What the task requires ▸ Whenever a picture appears in the listing below, leave it out, and copy exactly the lines from the one containing "こんばんは🌃 庭のニチニチソウのお花🩷💜です。 もう一度カットしたら綺麗に咲くかな?" through the end.

Study material ▸
....

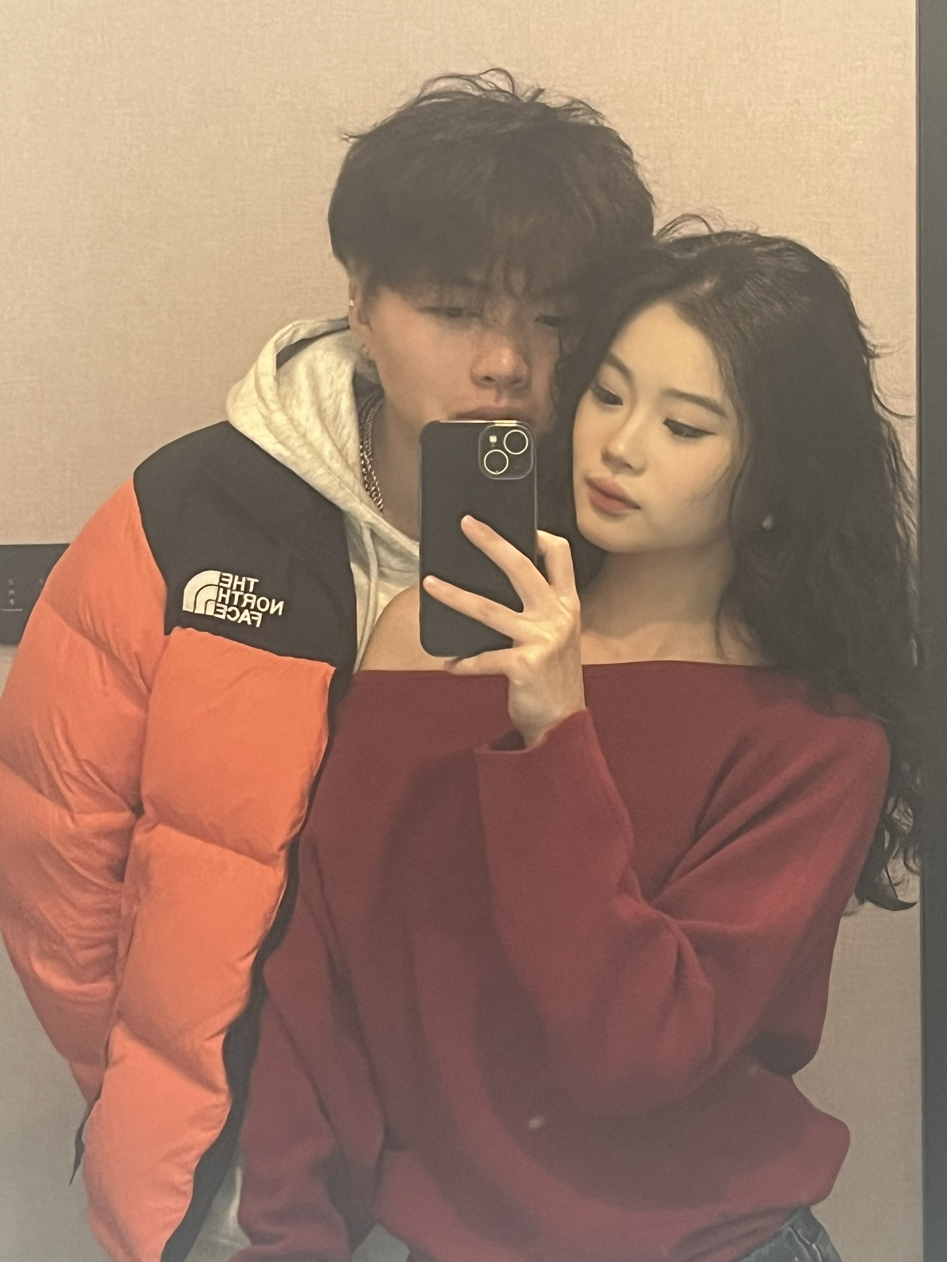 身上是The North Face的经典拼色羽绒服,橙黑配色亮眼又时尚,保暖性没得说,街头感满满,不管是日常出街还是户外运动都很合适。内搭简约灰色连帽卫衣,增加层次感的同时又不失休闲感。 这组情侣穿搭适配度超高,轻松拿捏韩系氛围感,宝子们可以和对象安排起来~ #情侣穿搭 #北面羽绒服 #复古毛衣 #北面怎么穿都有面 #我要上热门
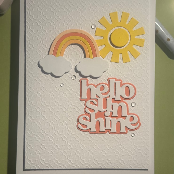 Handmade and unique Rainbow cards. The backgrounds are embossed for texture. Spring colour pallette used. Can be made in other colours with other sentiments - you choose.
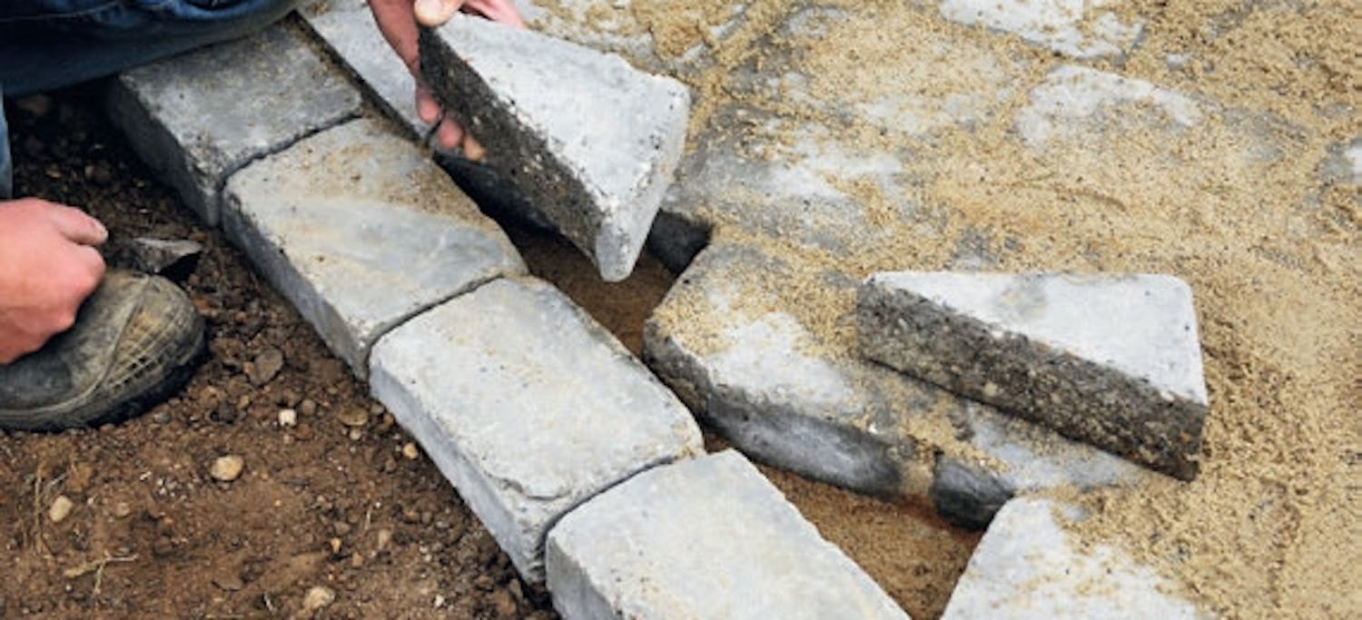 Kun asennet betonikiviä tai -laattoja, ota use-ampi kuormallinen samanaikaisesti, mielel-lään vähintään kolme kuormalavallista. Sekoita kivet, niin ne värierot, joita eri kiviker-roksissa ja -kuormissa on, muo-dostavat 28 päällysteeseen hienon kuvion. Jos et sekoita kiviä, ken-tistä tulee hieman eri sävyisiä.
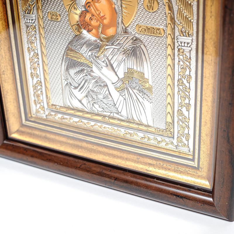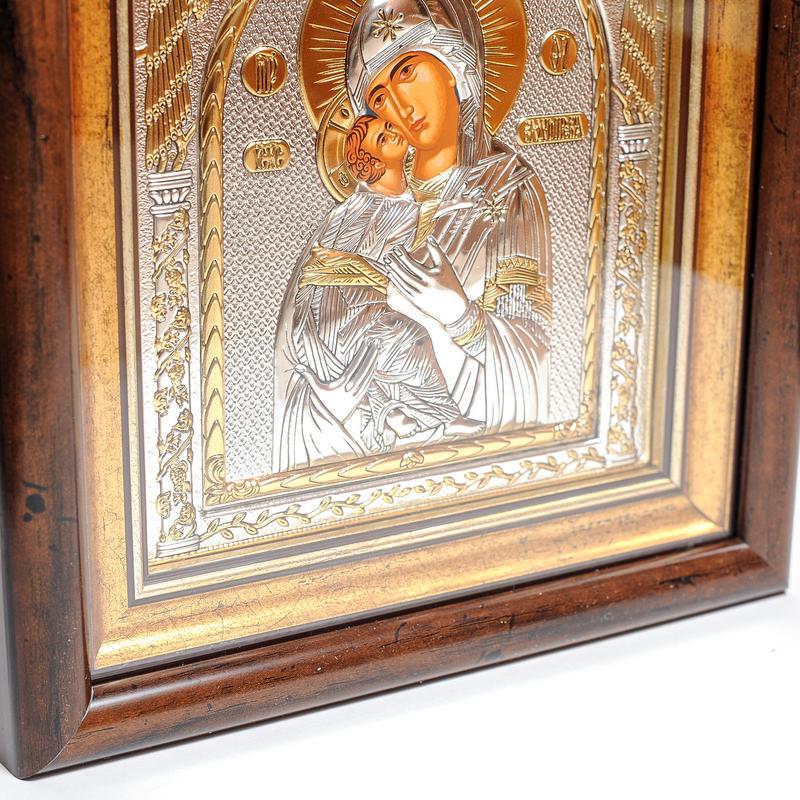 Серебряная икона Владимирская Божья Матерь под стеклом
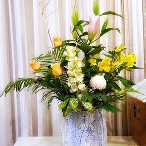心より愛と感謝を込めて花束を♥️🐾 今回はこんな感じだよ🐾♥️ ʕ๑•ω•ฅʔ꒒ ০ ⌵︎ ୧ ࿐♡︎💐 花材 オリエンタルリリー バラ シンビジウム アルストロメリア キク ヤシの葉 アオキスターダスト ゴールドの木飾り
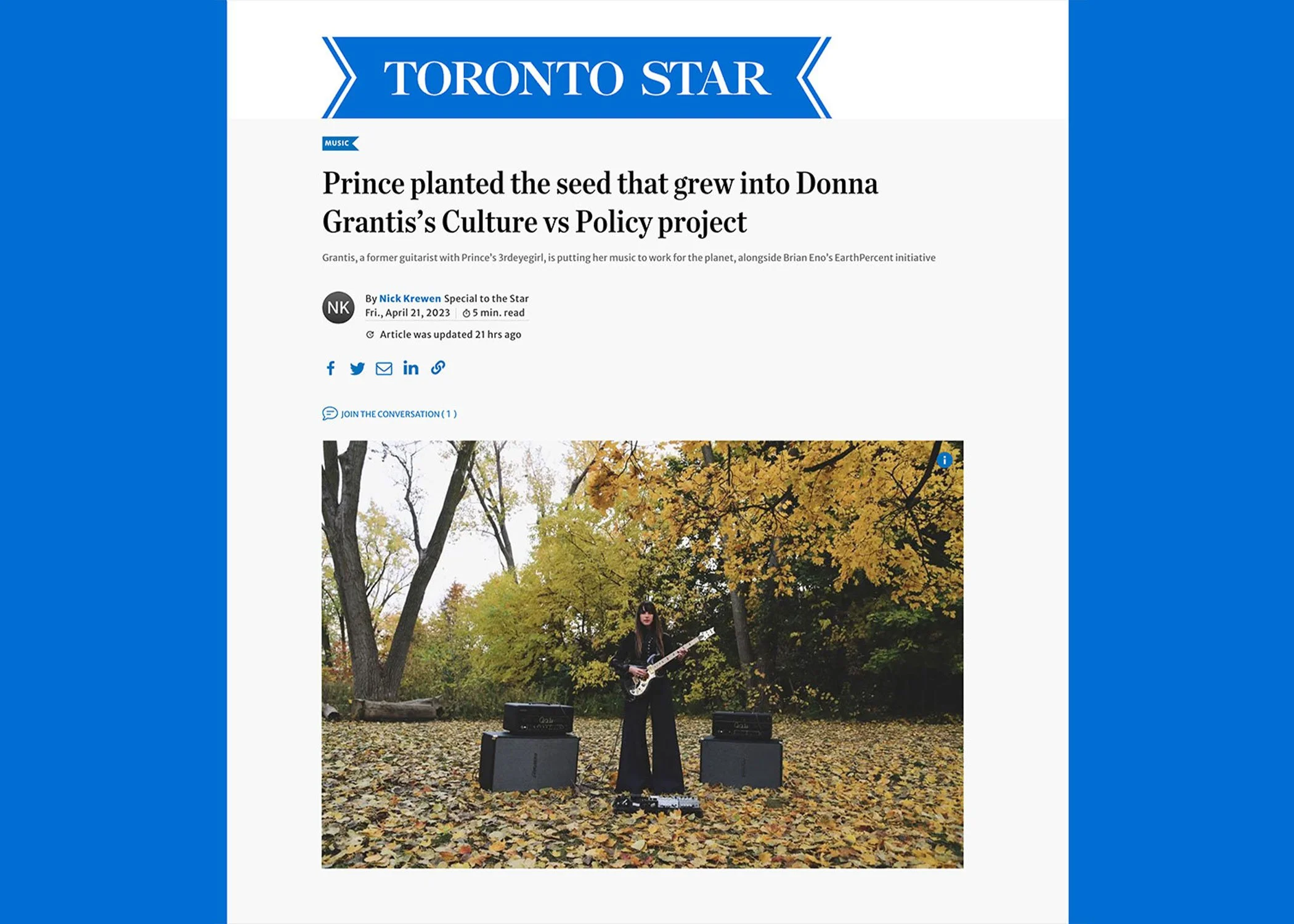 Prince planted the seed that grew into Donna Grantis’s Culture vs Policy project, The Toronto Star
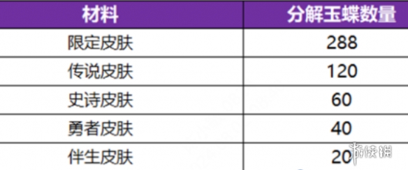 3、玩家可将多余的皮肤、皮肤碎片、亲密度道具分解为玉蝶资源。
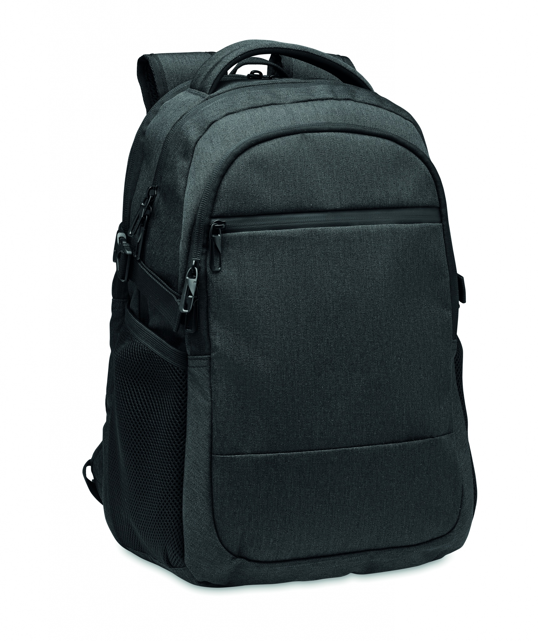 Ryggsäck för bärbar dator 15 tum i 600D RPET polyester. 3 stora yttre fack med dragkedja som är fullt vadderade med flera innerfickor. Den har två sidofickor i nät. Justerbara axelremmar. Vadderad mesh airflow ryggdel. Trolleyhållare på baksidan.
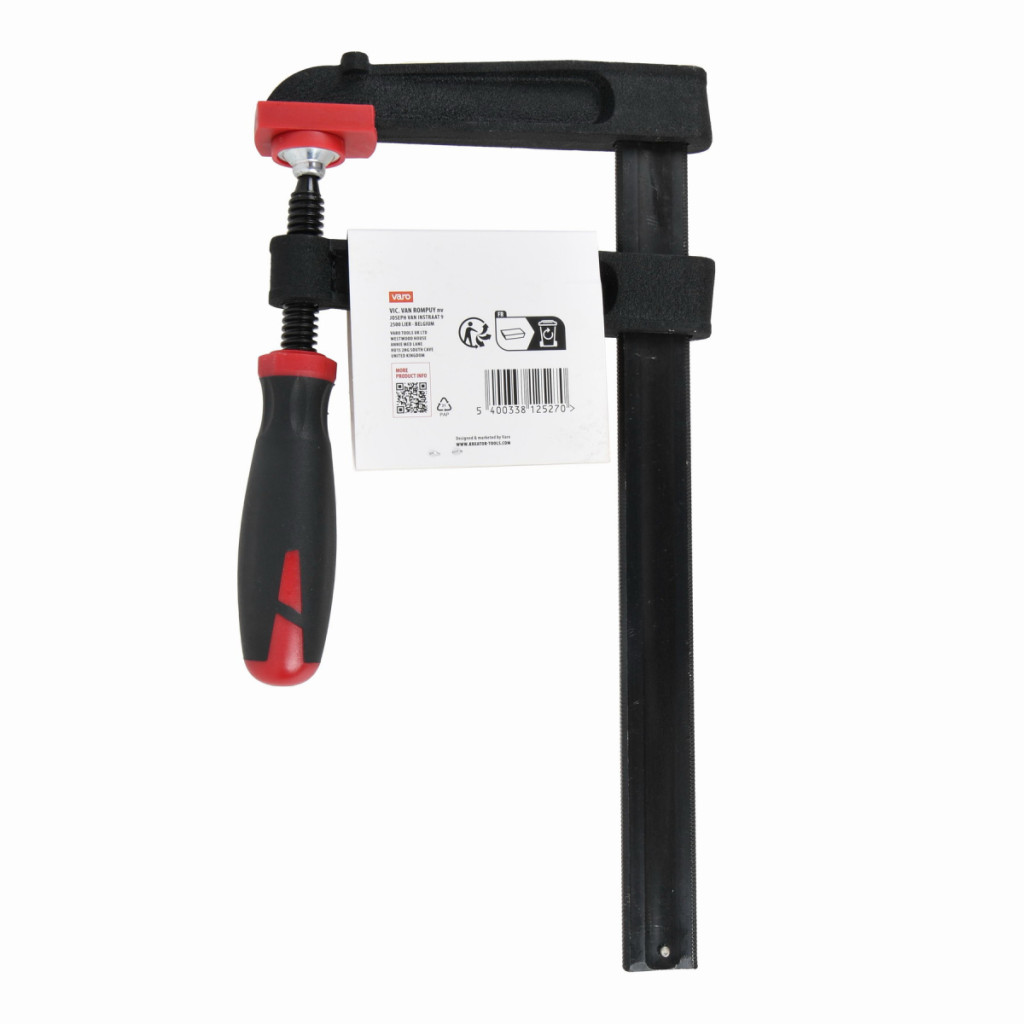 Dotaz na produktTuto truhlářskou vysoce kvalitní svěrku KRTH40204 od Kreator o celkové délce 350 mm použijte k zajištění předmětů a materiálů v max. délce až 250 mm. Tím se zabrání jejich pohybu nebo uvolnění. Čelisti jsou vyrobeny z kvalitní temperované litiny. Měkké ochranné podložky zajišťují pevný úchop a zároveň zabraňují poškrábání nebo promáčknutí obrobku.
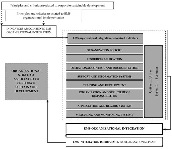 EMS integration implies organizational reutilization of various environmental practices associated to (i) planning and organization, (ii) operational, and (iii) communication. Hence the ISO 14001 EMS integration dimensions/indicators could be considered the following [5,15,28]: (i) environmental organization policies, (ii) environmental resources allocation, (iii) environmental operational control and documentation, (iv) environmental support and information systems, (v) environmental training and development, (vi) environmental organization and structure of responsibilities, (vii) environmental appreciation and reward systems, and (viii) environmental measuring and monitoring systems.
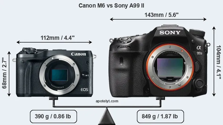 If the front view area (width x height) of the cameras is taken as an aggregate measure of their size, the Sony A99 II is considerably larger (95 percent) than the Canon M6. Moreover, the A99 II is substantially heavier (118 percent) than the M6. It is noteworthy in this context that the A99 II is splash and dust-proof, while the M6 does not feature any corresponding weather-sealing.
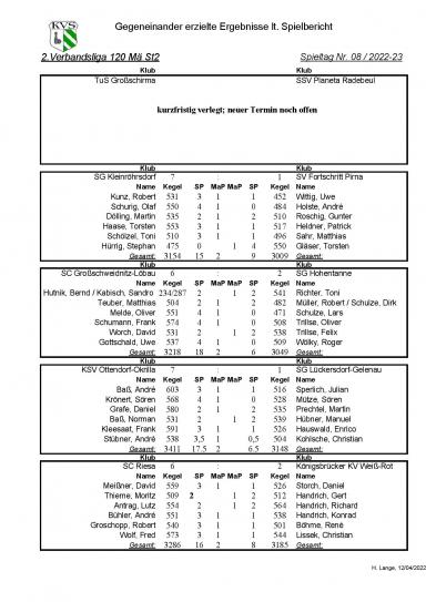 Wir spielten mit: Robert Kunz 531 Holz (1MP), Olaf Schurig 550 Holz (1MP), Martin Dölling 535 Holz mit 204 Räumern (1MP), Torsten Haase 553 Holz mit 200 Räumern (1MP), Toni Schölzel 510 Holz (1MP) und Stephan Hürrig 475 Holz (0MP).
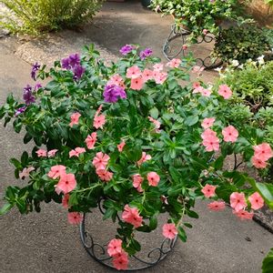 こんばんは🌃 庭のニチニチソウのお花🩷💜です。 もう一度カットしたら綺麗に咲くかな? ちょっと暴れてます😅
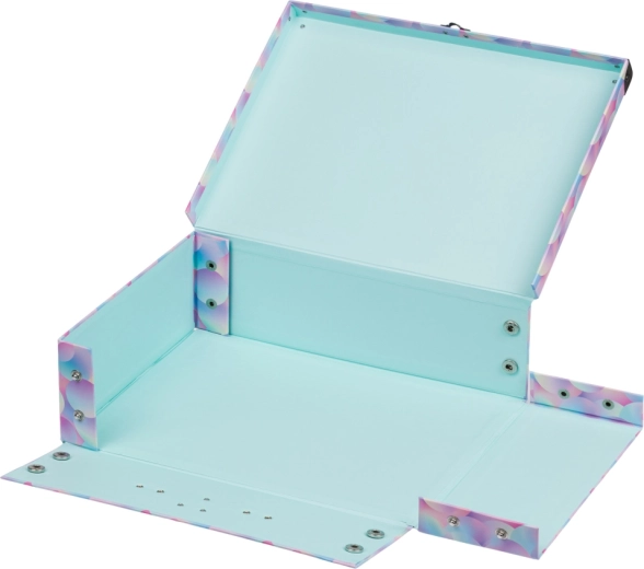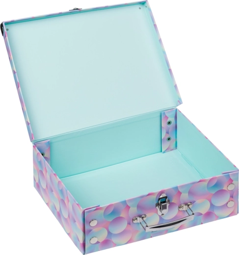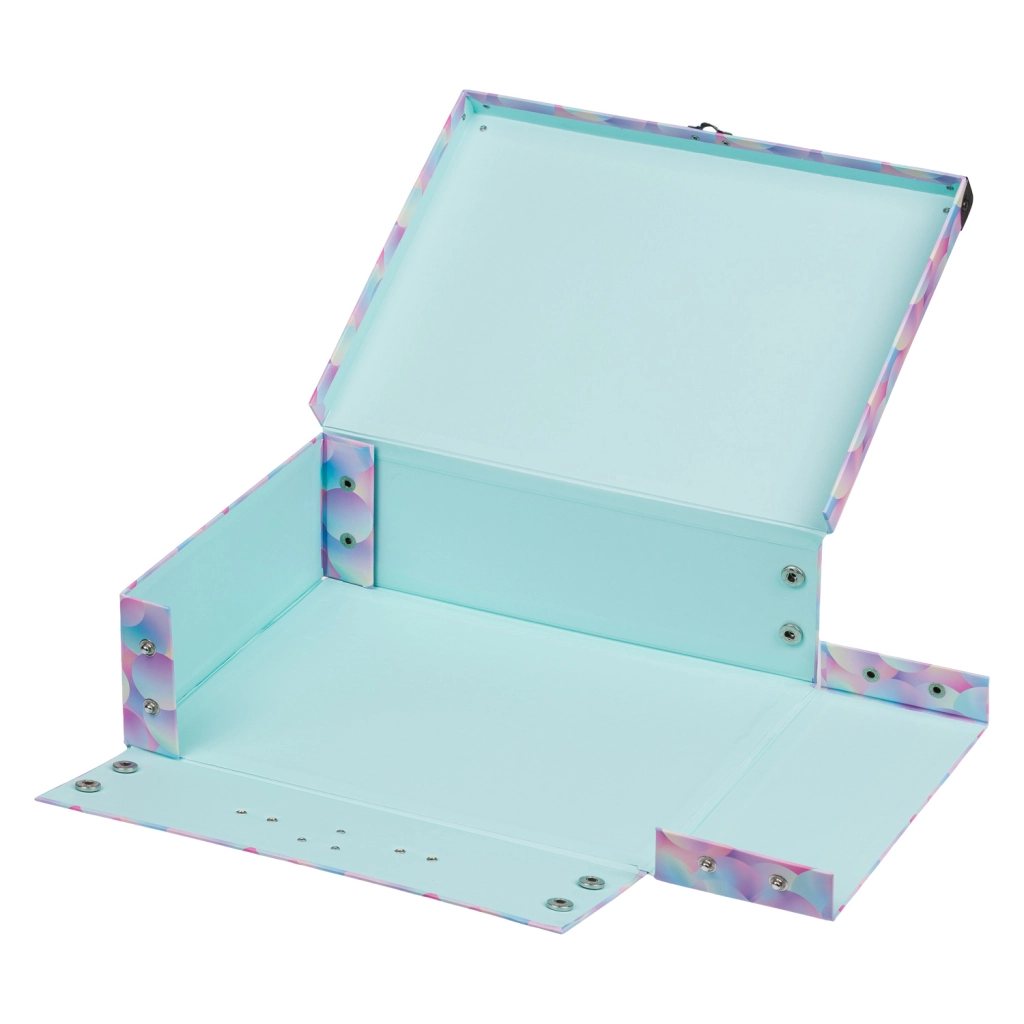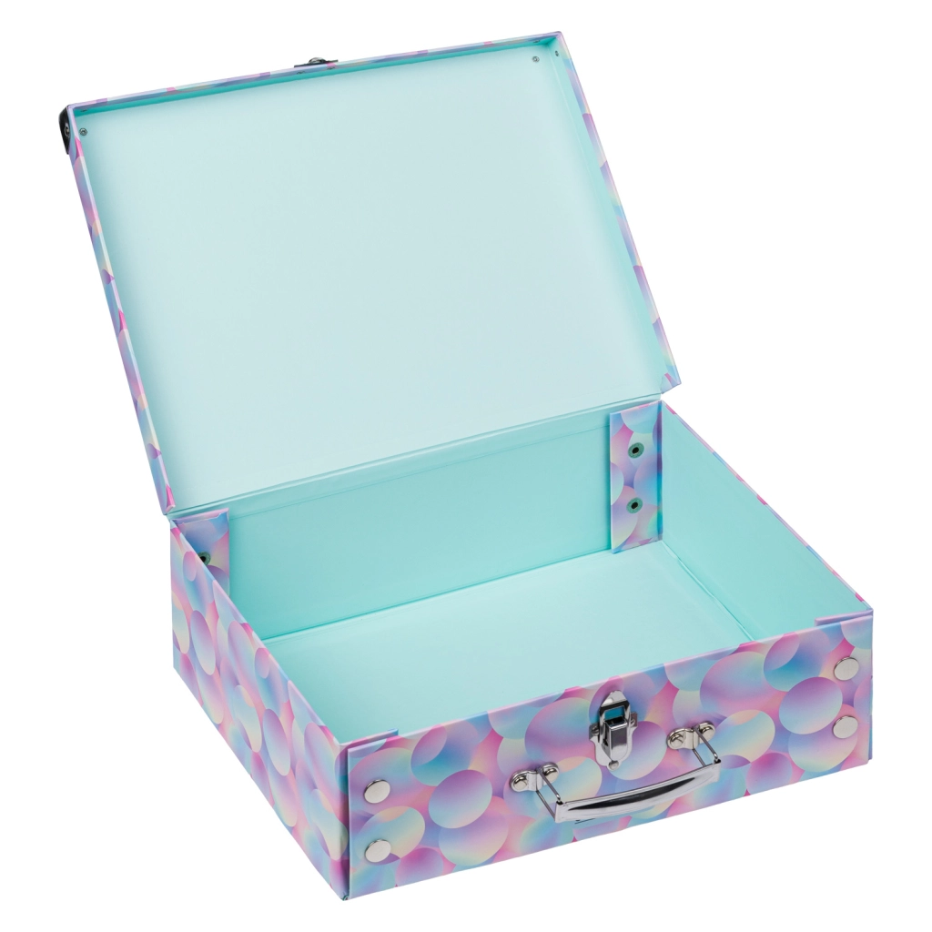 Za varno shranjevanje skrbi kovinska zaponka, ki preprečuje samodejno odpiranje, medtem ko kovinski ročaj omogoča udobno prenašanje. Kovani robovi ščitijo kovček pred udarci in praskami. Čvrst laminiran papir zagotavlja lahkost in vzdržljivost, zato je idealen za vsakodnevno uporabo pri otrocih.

....

Answer for the task ▸
 こんばんは🌃 庭のニチニチソウのお花🩷💜です。 もう一度カットしたら綺麗に咲くかな? ちょっと暴れてます😅
 Za varno shranjevanje skrbi kovinska zaponka, ki preprečuje samodejno odpiranje, medtem ko kovinski ročaj omogoča udobno prenašanje. Kovani robovi ščitijo kovček pred udarci in praskami. Čvrst laminiran papir zagotavlja lahkost in vzdržljivost, zato je idealen za vsakodnevno uporabo pri otrocih.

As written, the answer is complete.